Much of it is that we’re a two-worker household, and that was not the case for my parents or grandparents. It’s a lot easier to get routine housework done when you’re not working full-time or more during the week. So only the bigger projects that had to get done on weekends, not the mundane things like mopping or ironing or grocery shopping. The other part is that Ben is home intermittently and while I want relax with him, life still goes on. We end spending our time together doing chores or we put the chores off and it all piles up. Buying time would remove us from having to toil away together or bask in guilt for playing hooky from our responsibilities.
It comes down to the work ethic
I’m reluctant to relinquish the ideal of being able to do it all ourselves because it feels like giving up. It feels like we’re playing right into the millennial stereotype of laziness and fiscal irresponsibility. Getting groceries delivered or my yard mowed when I’m a fully capable 26 year old feels unnecessarily indulgent, even in ways that buying pricy running clothes doesn’t. I know I’m not lazy. I’ll mow the yard the same day I do a long run with a grocery run in between. It’s not fiscally irresponsible of us. We can certainly make room for it in our budget, and if time together, then buying time makes sense. But I still go back to those memories of doing yard work with my parents as a child and feel like hiring someone is admitting defeat or failure.

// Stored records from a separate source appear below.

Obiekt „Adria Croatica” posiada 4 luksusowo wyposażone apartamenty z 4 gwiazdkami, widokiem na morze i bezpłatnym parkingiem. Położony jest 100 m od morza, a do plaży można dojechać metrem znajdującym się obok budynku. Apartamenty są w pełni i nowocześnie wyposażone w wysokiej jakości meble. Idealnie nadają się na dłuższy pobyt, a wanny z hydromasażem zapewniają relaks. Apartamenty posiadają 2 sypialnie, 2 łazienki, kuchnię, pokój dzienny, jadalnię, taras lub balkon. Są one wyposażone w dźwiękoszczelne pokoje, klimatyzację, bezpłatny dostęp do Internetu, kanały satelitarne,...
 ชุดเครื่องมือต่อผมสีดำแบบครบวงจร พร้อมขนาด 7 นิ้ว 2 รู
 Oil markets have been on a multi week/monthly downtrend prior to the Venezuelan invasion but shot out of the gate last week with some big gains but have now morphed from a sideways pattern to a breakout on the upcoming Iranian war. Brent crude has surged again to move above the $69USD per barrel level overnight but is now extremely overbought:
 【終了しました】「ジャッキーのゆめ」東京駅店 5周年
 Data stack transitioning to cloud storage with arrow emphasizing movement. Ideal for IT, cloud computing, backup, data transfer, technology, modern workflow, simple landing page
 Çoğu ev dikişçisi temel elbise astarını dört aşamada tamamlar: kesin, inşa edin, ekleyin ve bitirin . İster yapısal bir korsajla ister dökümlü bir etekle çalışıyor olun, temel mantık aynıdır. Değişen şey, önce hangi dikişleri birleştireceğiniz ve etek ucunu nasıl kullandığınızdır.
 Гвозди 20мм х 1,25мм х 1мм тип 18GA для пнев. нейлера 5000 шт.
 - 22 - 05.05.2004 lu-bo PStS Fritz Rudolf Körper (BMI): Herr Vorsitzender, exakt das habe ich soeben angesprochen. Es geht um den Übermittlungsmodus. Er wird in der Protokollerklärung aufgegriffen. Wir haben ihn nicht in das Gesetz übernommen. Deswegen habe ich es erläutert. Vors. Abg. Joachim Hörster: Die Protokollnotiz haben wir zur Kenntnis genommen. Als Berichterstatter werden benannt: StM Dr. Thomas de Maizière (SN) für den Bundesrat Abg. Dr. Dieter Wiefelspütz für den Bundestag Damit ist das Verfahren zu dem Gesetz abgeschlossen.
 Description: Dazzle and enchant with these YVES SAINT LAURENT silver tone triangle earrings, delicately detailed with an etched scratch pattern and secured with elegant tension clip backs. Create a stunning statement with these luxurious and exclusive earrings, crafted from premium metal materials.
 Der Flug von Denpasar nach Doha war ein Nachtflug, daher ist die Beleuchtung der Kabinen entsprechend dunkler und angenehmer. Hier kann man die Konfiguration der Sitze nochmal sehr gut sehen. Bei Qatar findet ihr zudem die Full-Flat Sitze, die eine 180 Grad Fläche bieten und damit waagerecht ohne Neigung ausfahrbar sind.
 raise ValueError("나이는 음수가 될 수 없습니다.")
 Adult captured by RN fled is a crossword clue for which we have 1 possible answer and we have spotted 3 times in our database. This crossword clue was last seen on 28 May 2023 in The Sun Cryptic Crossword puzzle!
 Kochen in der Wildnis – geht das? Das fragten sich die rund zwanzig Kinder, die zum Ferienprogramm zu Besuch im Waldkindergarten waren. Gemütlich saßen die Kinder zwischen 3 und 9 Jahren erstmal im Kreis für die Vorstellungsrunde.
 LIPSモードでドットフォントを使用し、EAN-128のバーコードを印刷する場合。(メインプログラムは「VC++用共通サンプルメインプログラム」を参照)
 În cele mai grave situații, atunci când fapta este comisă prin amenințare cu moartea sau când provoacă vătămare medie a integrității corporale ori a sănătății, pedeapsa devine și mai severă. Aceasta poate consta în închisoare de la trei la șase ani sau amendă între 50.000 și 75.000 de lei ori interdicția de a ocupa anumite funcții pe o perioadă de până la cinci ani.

I certainly bought in to the whole American puritan work ethic bit. I believe in self-sufficiency and take pride in a job done well. Mowing the lawn even secretly brings me a little joy. It’s one of the few things in life where you can see the progress you make immediately. I’m very good at getting up and doing things I don’t want to do because they need to get done. I didn’t miss a single run on the Pfitzinger plan last fall, even in the midst of family trauma. I just got up and did the runs because they were on the schedule. That’s just how I’m programmed. It’s usually a pretty good thing – I don’t cut myself a lot of slack to be lazy. This stint of deliberately not running until I feel the spark again is a very out-of-character exercise for me.
But the research falls on Ben’s side of things. We’re better off buying time. So maybe we’ll start off small and get someone to clean our gutters this year. I’m still not totally on board with the idea, but the research in the article I read was rather persuasive. If buying time is really buying happiness, then maybe it’ll prove to be worth it.